Interquartile range (IQR)
It is the difference between the 3rd and 1st quartile (75th and 25th percentile). It is considered a robust major of spread as it Is not affected by extreme values. The IQR is always presented in conjunction with the median. Presenting the 25th and 75th percentile is more informative.
Variance
The variance measures the average of the squared sum of differences from the mean. The more spread the data, the larger the variance is in relation to the mean. It is less often presented as a stand-alone statistic in research.
Standard deviation (SD)
Simply, it is the square root of the variance. It is always presented alongside the mean. A large SD signifies a high level of dispersion between the data points in any given dataset.
It is essential to highlight that the formula for the calculation of variance and the standard deviation is different for a population and a sample
Considering our samples, A and B above, the Variance of A and B are 55.76 and 275.40.
The standard deviations for sets A and B are 7.45 and 16.59, respectively.
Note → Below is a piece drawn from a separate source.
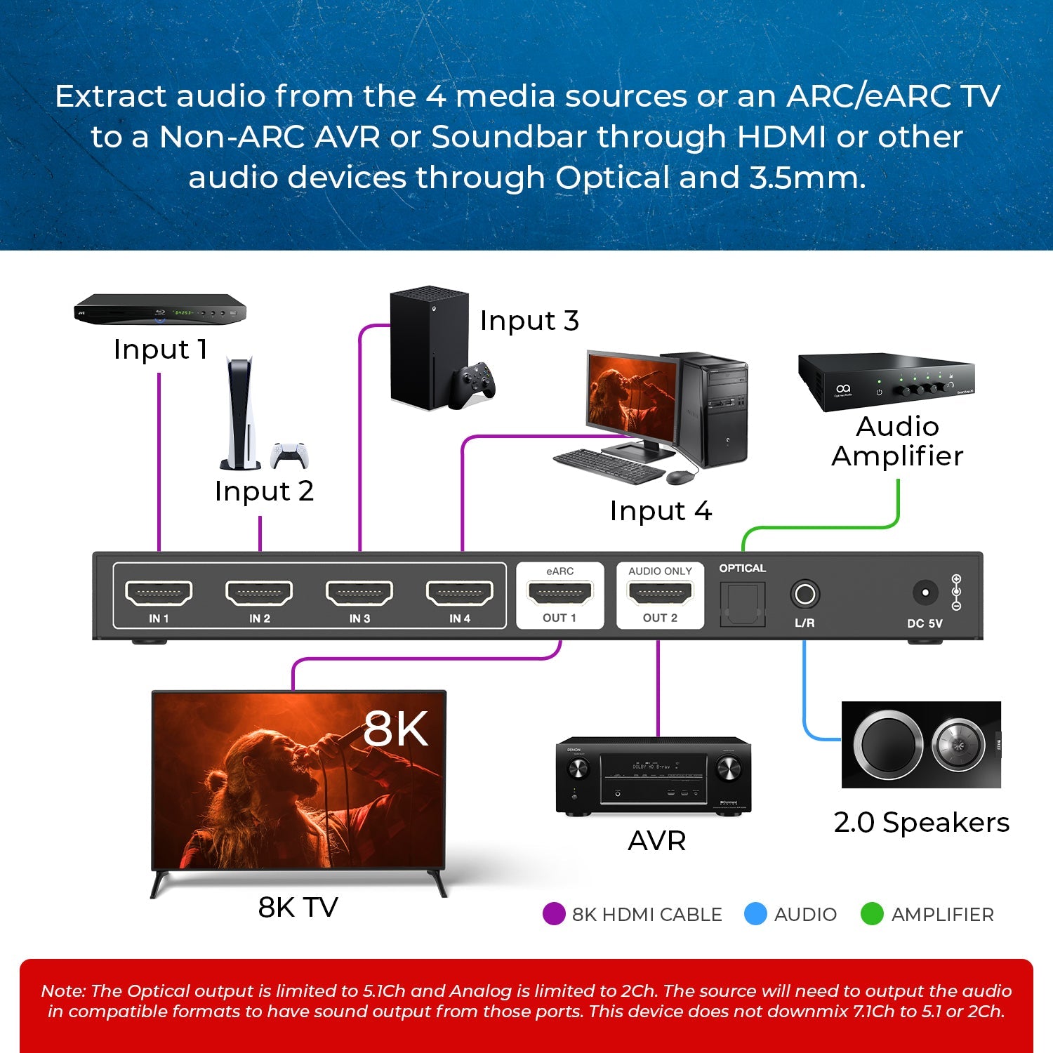 - Audio De-embedding – Extracts audio to Non-ARC AV Receivers, Non-ARC soundbars, amps, headphones, or speakers via HDMI™, SPDIF (Toslink), or 3.5mm analog output.

A large SD represents more significant variability between data points, whereas a narrow SD represents data points clustered around the mean.
Distribution
This aspect of descriptive statistics involves a visual representation that provides information about the spread and relationship between different observations in the dataset. Data points can be summarized using frequency tables and charts.
Normal Distribution
Continuous variables are often presented as frequency tables and histograms. A normal or gaussian distribution is described when the mean, median, and mode are similar. It is a theoretical distribution, and real-life approximates the normal distribution since one rarely gets a distribution of scores from a sample that exactly fits a Gaussian distribution. A distribution is skewed when a series of values cluster at one end with few sores pulling the scores to the other end. A positively skewed distribution results when the few scores pulling the tail of the distribution are on the higher end of the distribution; when scores cluster at the higher end with a few scores are pulling the tail to the lower end, it is termed negatively skewed.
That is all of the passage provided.